### What to produce
Could you retype the lines below, starting at the line holding "DescriptionThree isolated trees" and stopping at the line holding "Khaki elegantní košilové šaty AMPRI s páskem", inclusive? Copy them exactly and drop the images.

### Extracted material
◇ ◇ ◇ ◇ ◇
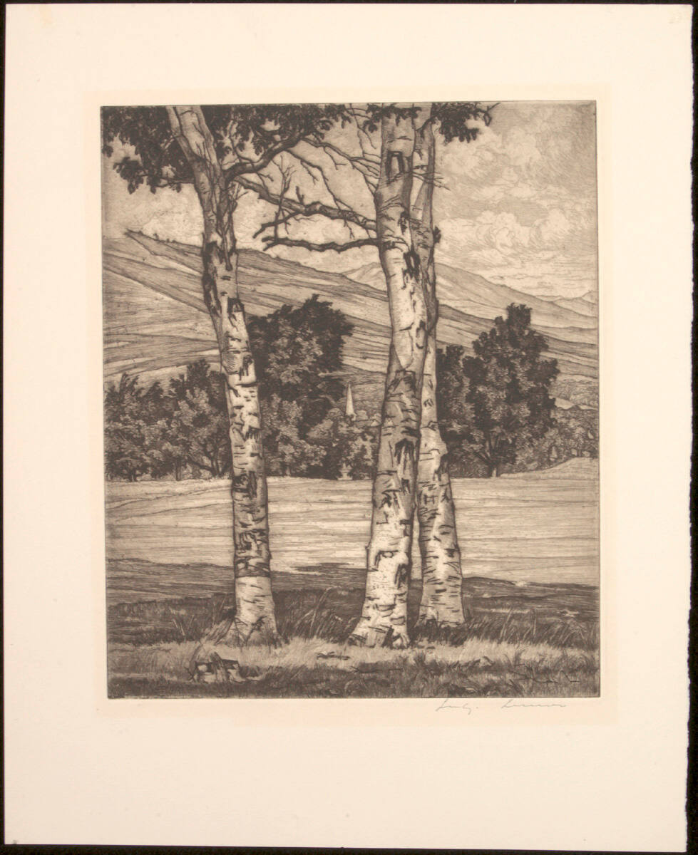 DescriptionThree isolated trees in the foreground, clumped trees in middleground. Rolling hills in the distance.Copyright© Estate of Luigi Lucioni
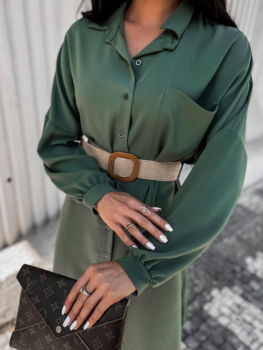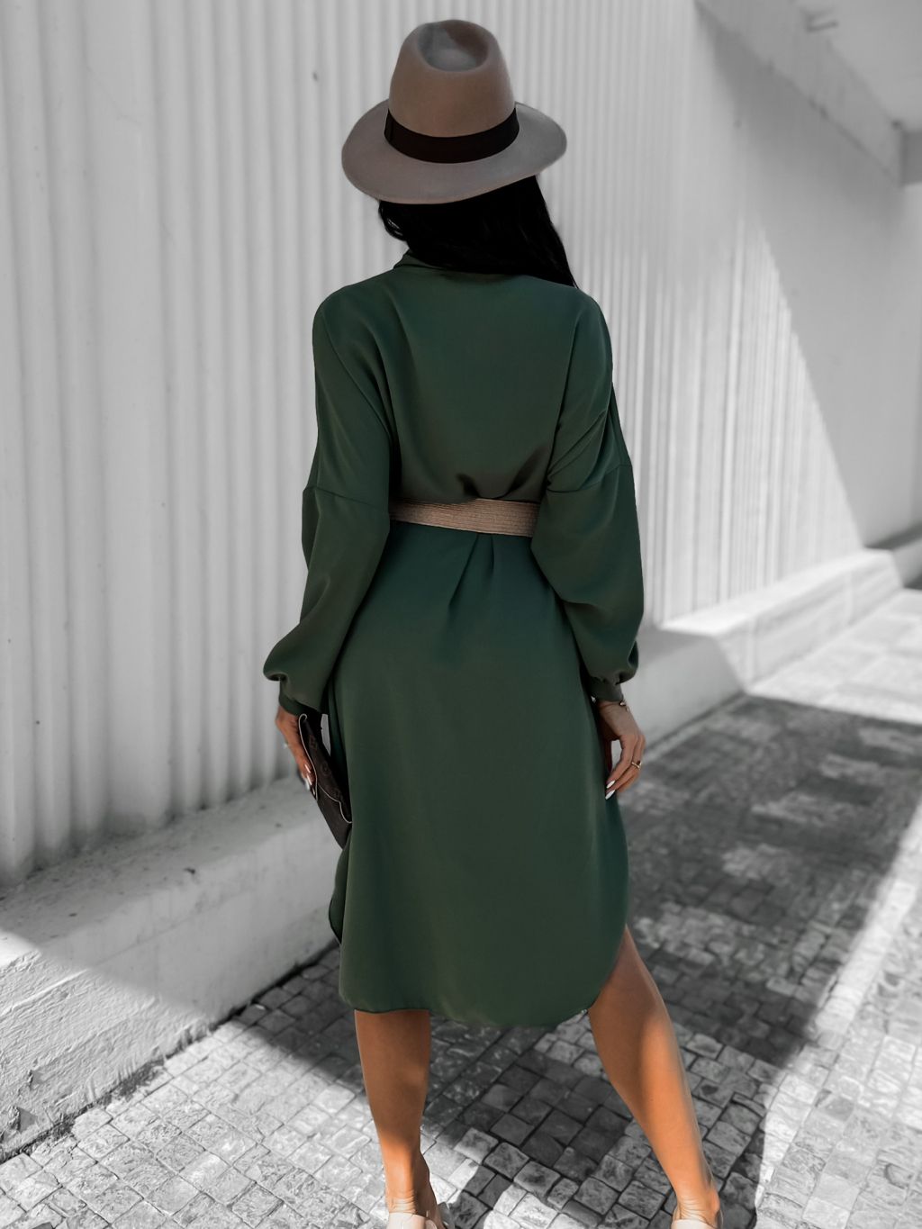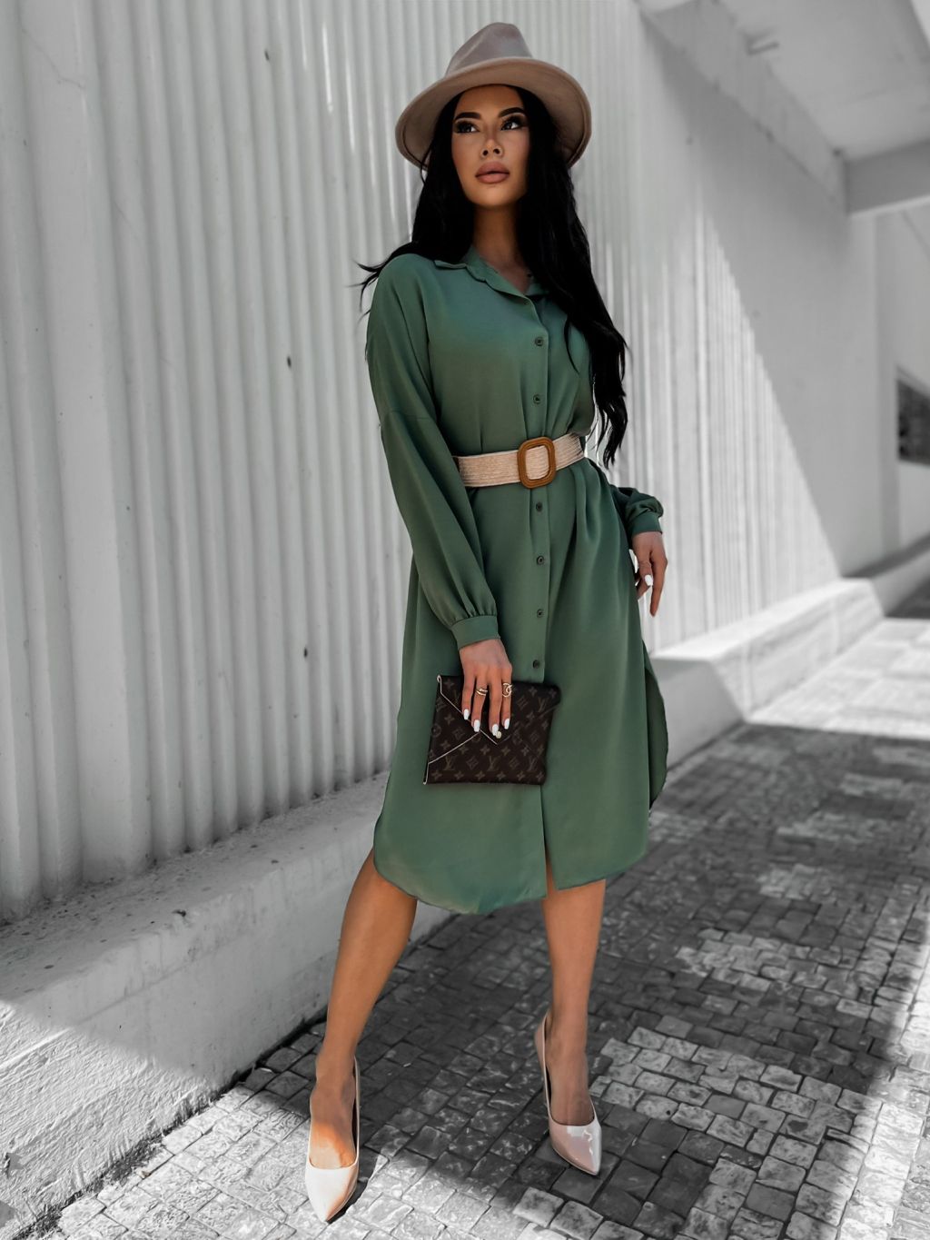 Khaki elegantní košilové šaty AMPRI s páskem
◇ ◇ ◇ ◇ ◇
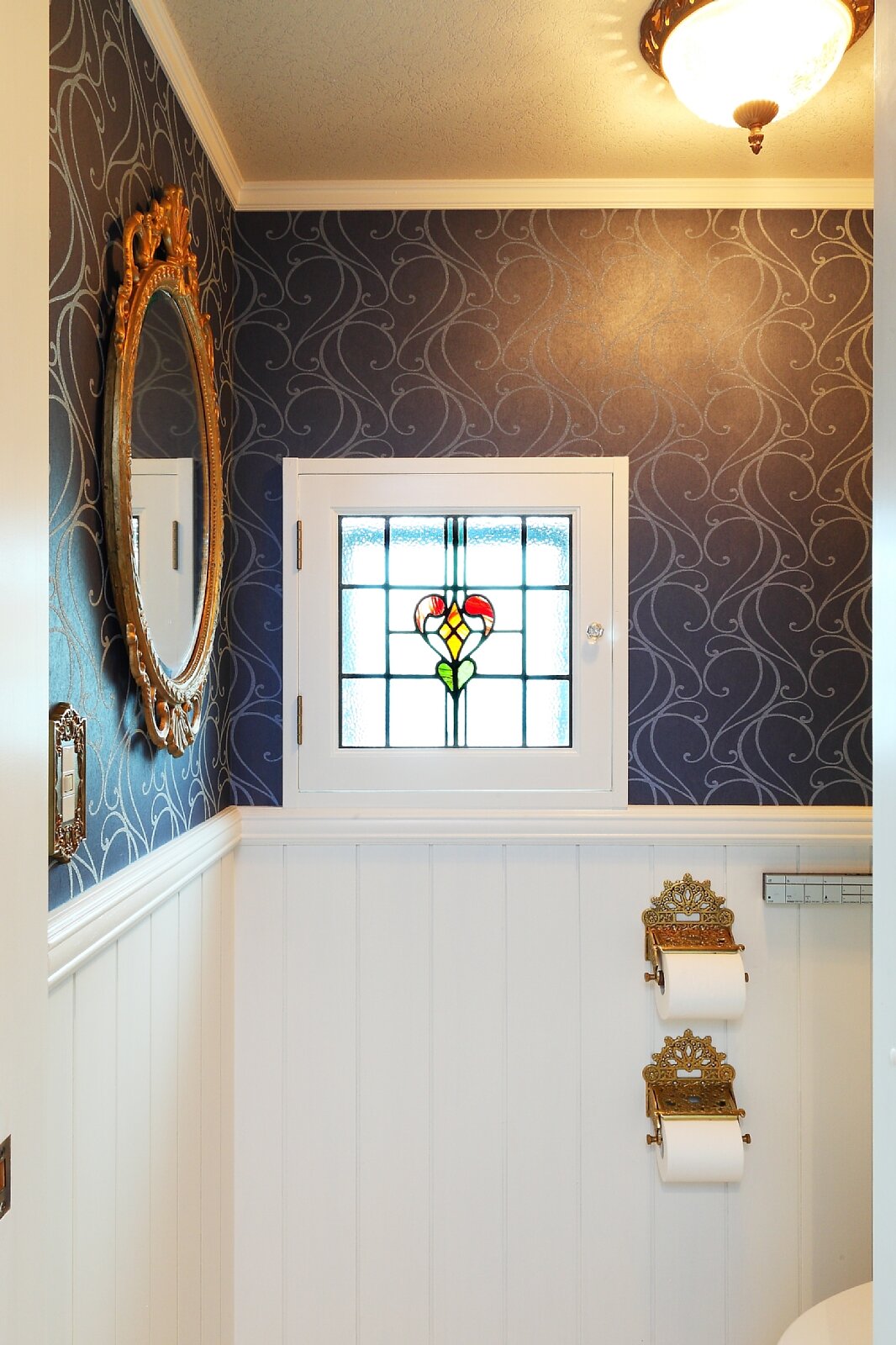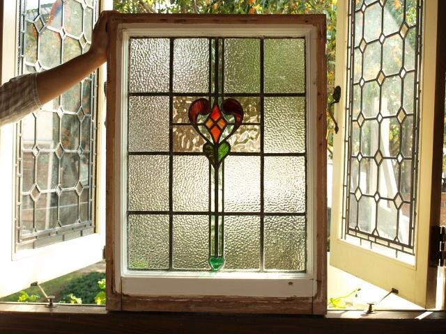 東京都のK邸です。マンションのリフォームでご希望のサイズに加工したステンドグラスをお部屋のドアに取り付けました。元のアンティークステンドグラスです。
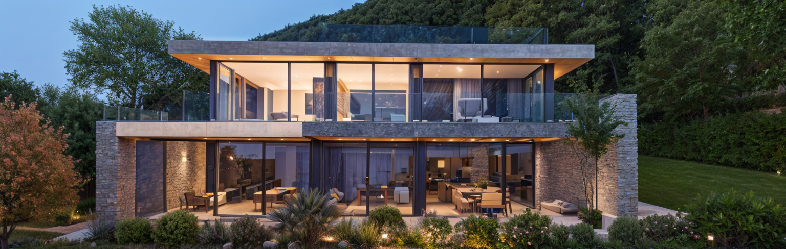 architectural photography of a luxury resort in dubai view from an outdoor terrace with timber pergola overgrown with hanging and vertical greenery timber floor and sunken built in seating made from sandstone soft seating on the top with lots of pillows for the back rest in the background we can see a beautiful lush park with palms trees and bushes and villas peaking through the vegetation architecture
◇ ◇ ◇ ◇ ◇
### Final answer
 DescriptionThree isolated trees in the foreground, clumped trees in middleground. Rolling hills in the distance.Copyright© Estate of Luigi Lucioni
 Khaki elegantní košilové šaty AMPRI s páskem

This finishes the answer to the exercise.